Wednesday, February 22, 2023

Confirmation Bias: See What Is, Not What We Want to Believe

Adapted from my basketball blog: 

"If everything you see confirms your view of the world, you're doing it wrong. You're building a lawyer's case..." - Paul Krugman

Coaching is never boring. How can a job demanding excellence in organization, short-term and long-range decisions, teaching, communication, self-regulation, and more be easy? 

Three things is life are certain - death, taxes, and no coach has players and players' extended families who are completely satisfied. 

"She's turning the ball over too much. Why is she playing ahead of my kid?"

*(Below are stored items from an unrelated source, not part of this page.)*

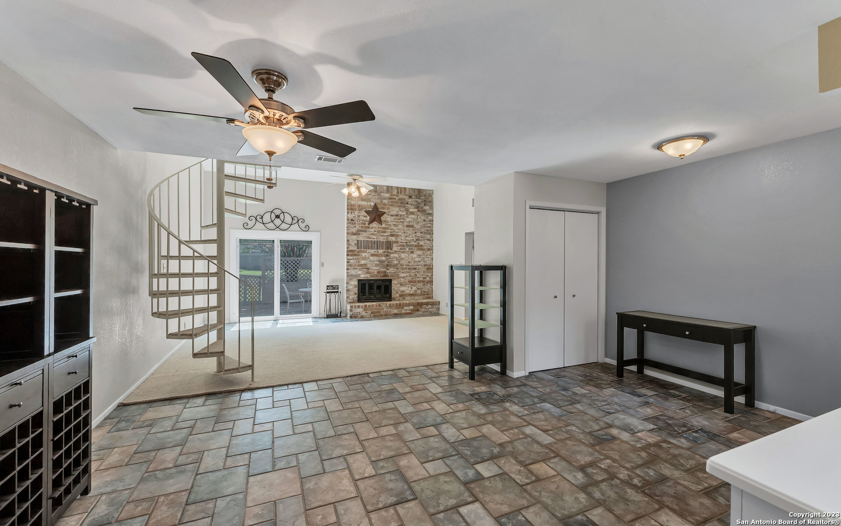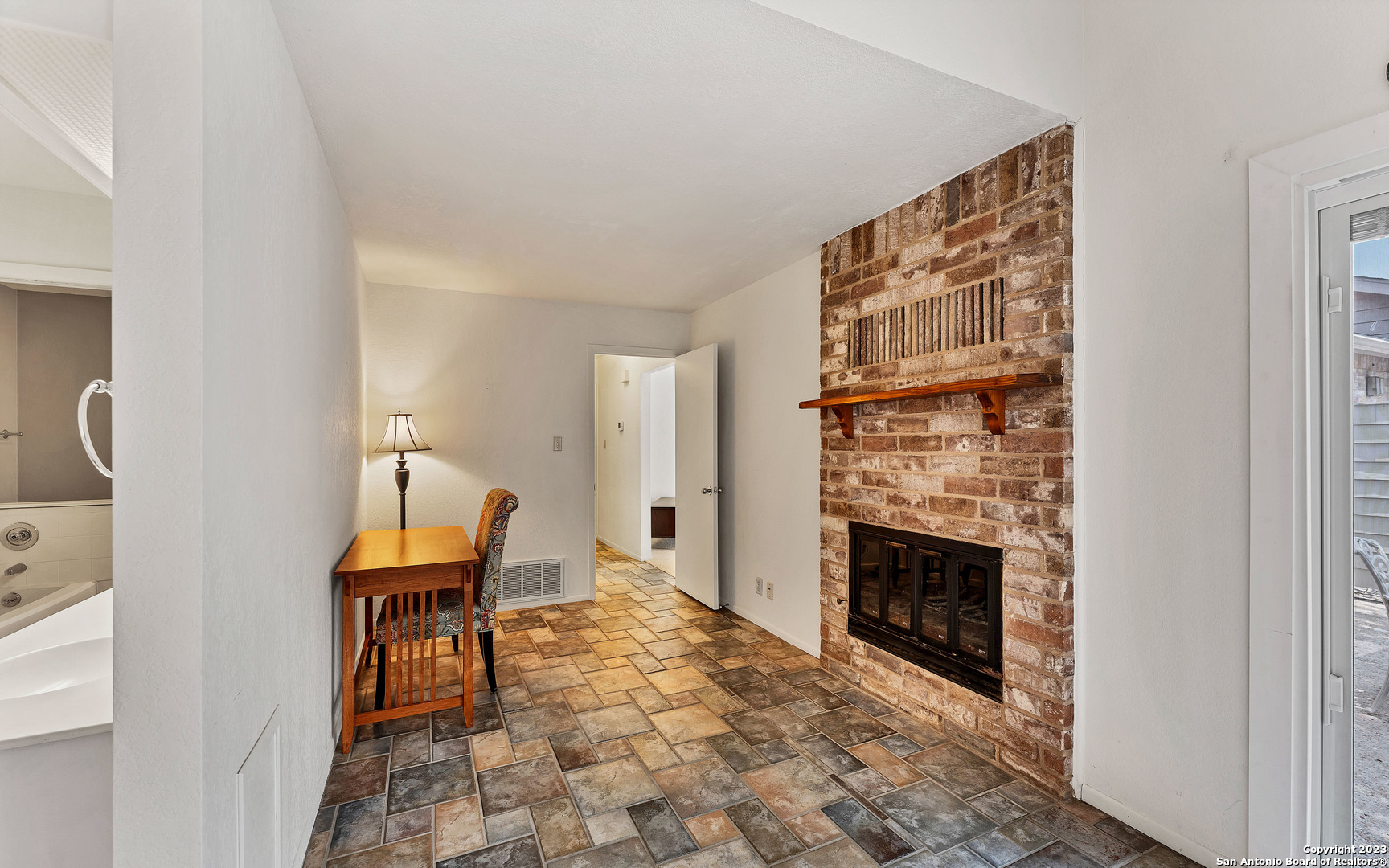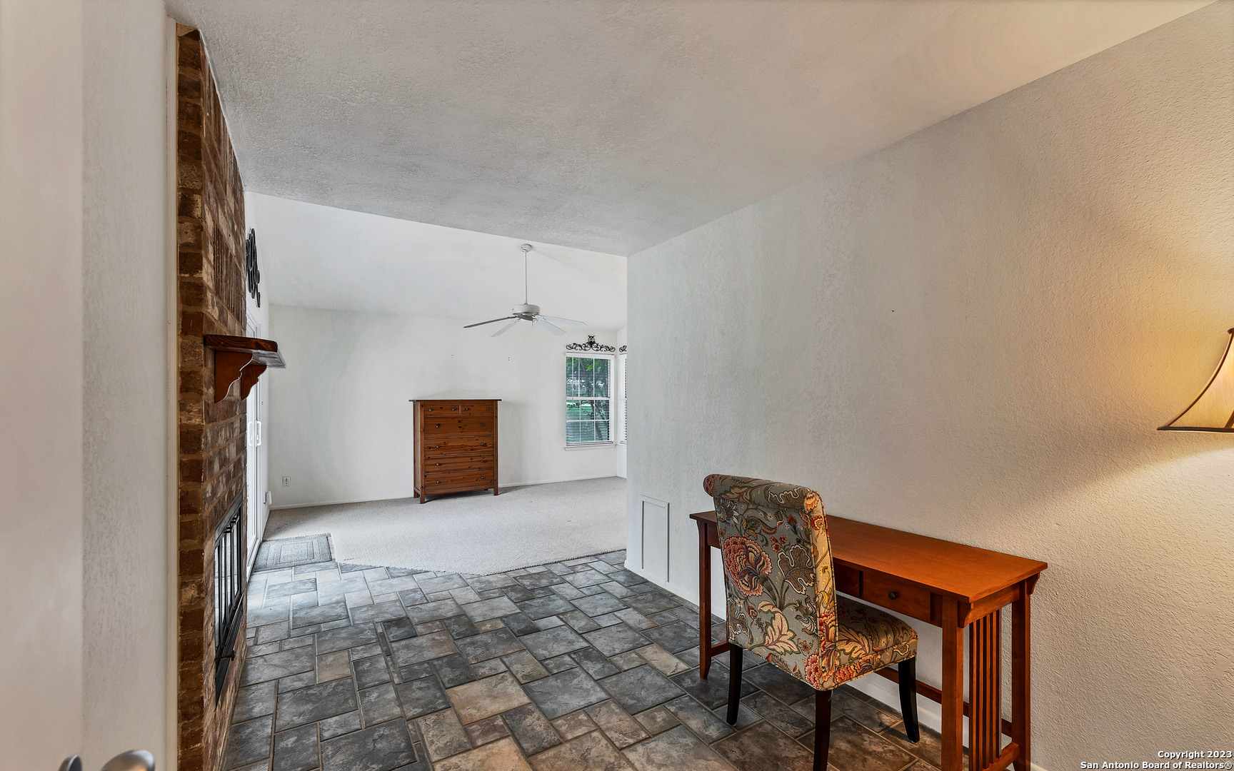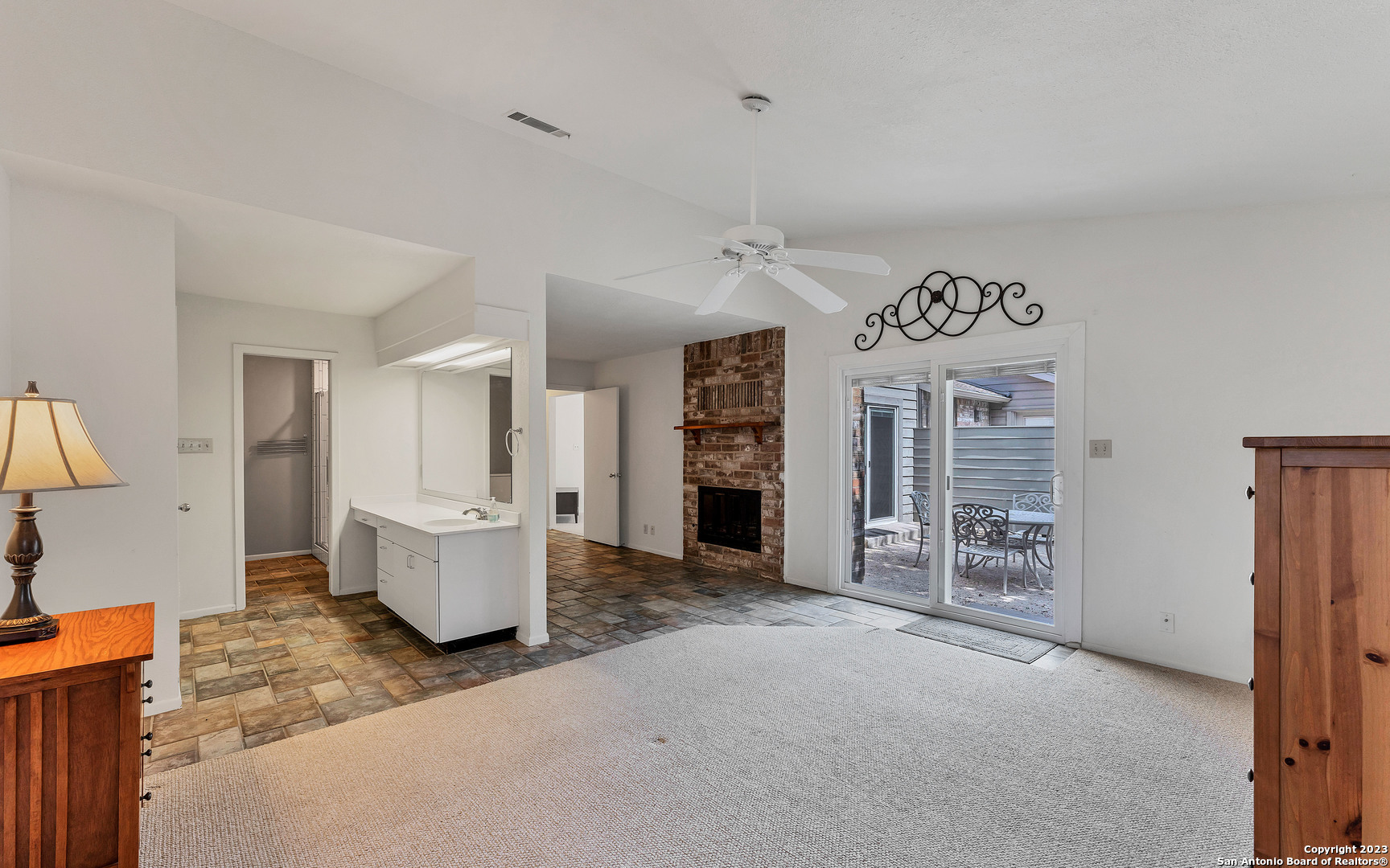 Just reduced this condo to sell! Just minutes away from Canyon Lake tucked away in the trees, you will find this open floor plan townhome that has not one but two fireplaces, privacy fenced patio and walking distance to community pool. The beautiful floor to ceiling brick fireplace in the living room can be enjoyed while you are in the dining room or cooking in the kitchen and the skylight gives you lots of natural lighting. Master has sitting are with floor to ceiling brick fireplace that could be great on winter days reading a nice book. Master also features double vanity, update walk-in tile shower and walk-in closet. Loft can be used as a bedroom with full bath. This condo is ready to be your new home or a great weekend place to get away.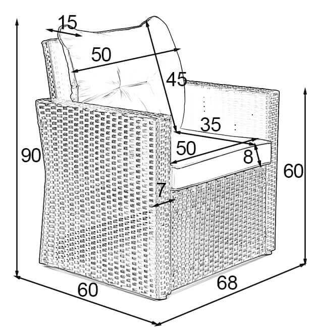 - Fotel: 2 szt ( 82 x 68 x 60 cm )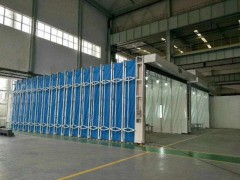 3、伸缩移动喷漆房整体为框架传动结构,每组框架间均有阻燃pvc布密封连接,安装快捷、外形美观,结构精巧,使用方便,制造成本低;

  • Are we seeing with our eyes or our heart?"
  • Are we ignoring strengths or overweighting negatives? 
  • Maybe the positives outweigh the negatives.
  • Maybe there's a "development" factor. Things are getting better. 
  • Maybe, for all her flaws, our child's are worse. 

The list goes on. Parents should advocate for our children. If not parents, then who will? I have no children or grandchildren playing competitively, so no paternity prism filters the light reaching my eyes. 


As coaches, accept that. But at the same time, the coach's job is doing what is best for the team. As Brad Stevens says, each day ask, "what does our team need now?"

Everyone needs clarity. At the varsity level, winning and sustainable competitive advantage should be goals. How? 
  • Add value."Every day is player development day." Competition paired with development strengthens the program. 
  • Get buy in. Choose a consistent program philosophy and get everyone on the same page with it. 
  • "Character is job one." - Etorre Messina. Character forges commitment, discipline, empathy, sportsmanship, and teamwork. Coaches set the tone and model excellence. An abundance of rules won't make people better. Player ownership of team behaviors fashions maturity. If smoking and drinking take priority over basketball, then feel free to leave. 
  • "Obsess the product." The best players make everyone around them better and impact winning. Within that context, remember what Heat coach Erik Spoelstra says, "there is always a pecking order." Every player deserves coaching but every player may not get minutes every game. If the principal and the AD want it to be rec ball and everyone plays, then everyone in the community can't have championship aspirations. 
  • Consider more transparency if not "radical transparency." Without transparency, people speculate. "The coach doesn't like me" or "I'm not getting opportunities at practice." Coaches can't co-coach with parents, but when parents observe parts of practices, education, and the direction in which the team is headed, there is less diversity and extremism of opinion. Ray Dalio said, "I think the greatest tragedy of mankind is that people have ideas and opinions in their heads but don’t have a process for properly examining these ideas to find out what’s true. That creates a world of distortions. That’s relevant to what we do, and I think it’s relevant to all decision making." Know that, "Transparency generates trust in both consumers and employees."
There are problems with more objective self-assessment.
  • More objective people have higher rates of depression.
  • We see ourselves through a harsher light of reality. 
  • Objectivity can be soul-crushing for some. 
Finding balance between arrogance and doubt has a name - confidence. With a better process, consider outside opinions and both sides of an issue. Gain perspective and respect. Saying, "I hadn't thought of it that way" isn't always easy. 

Summary:
  • Add value.
  • Get buy in.
  • "Character is job one." - Etorre Messina. 
  • "Obsess the product." - Sarah Blakely
  • Consider more transparency.

Lagniappe (something extra). Build skill, physicality, and psychology (resilience/competitiveness).